As difficult as they were, the decisions taken in those early days by regional authorities transformed the fortunes of this small town, turning it into a case study in how to respond to the pandemic — key insights that were part of a major study published in Nature, and replicated around the world. 

Andrea Crisanti is an epidemiologist at the University of Padua. He ran the team that tested everyone in Vo’ after the first case was detected. “I think this was the first screening of an entire population anywhere in the world,” Crisanti told VICE World News. “We showed that where a whole community is tested, or an entire contact group is tested, and all positives cases are isolated, the transmission of the virus is practically blocked. We were also able to show how vital asymptomatic cases were in contributing to the spread. It was fundamental to understanding the dynamics of transmission of the virus and some aspects that then turned out to be fundamental to implement control measures.”

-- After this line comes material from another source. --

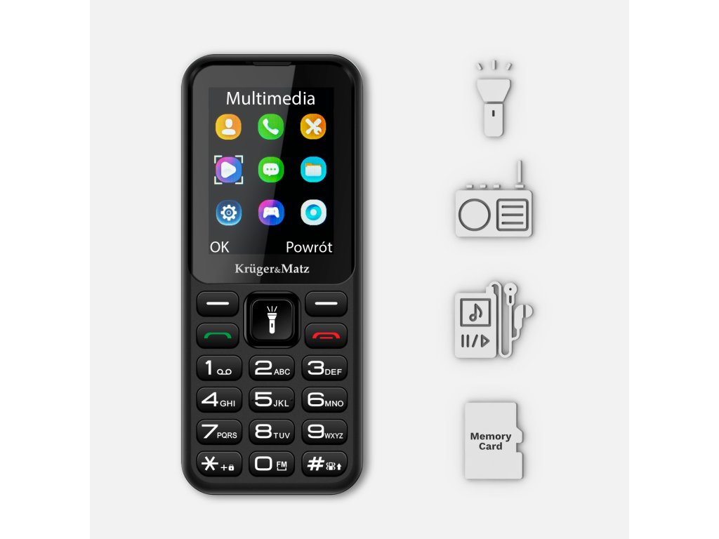 Olyan telefont keres, amely megbízható és egyben nagyon egyszerűen kezelhető A Kruger&Matz Simple 940 minden elvárását teljesíti! Az egyszerű használatra tervezve, ötvözi a mindennapi életet megkönnyítő legfontosabb funkciókat. Az áttekinthető kijelzőnek, az erős akkumulátornak és a hasznos kiegészítőknek köszönhetően ideális választás idősek és azok számára, akik értékelik az egyszerűséget és a funkcionalitást.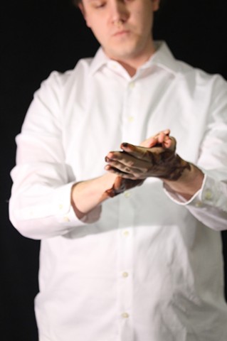 Durational performance on Valentines Day 2018 in which I hugged myself for half an hour with Hershey's chocolate syrup covering hands while dressed for a date. As I caressed my own form, the act became a meditation on expectations of partnership and performative romance. The dress shirt was then installed as a material witness of the performance alongside photo documentation.

Crisanti’s team have also been able to make discoveries around the prevalence of antibodies, results that will be published in the coming weeks. “We have now shown that antibodies have a duration of at least nine months,” Crisanti says. “We have shown that people who have antibodies are in fact protected when exposed to the virus.”

Despite their relative success in containing the disease, the town was stigmatised for being one of the first places to experience the contagion in Italy.

“During the first months, we were considered plague spreaders,” the mayor recalls. “Even after the lockdown ended, we were isolated. If a person from Vo’ was seen in a nearby town, that person was pointed out and people would keep away from them. I remember that the wines sent from a farm here were returned to the sender – the bottles were considered infected. But the virus arrived here by chance, just as it arrived in Codogno.”

Those difficult moments brought the community of Vo’ closer together. “It brought out our ability to work together,” Martini, the town’s mayor, says. “Being able to bring 3,000 people to swabs in three days in such a small municipality, with few resources and very few personnel, is certainly also due to the fact that we have teams that already know how to collaborate – the civil protection, the Alpine troops (a mountain rescue team), and volunteers. The Alpines spent the entire summer delivering masks around the country.”

From being ostracised to being one of the safest places in Italy, the initial trauma was utilised to mount a response as impressive as any region in the world. 

“Vo’ has stood out for its ability to respond,” the Mayor adds proudly. “We found only 6 positive cases in the last week, the data is constantly decreasing. In nearby towns, there are 50 or 60 positives. The highest number we had is 19 positives. We continue to publish our data. All this contributed to overturning the negative image that Vo’ had at the beginning.”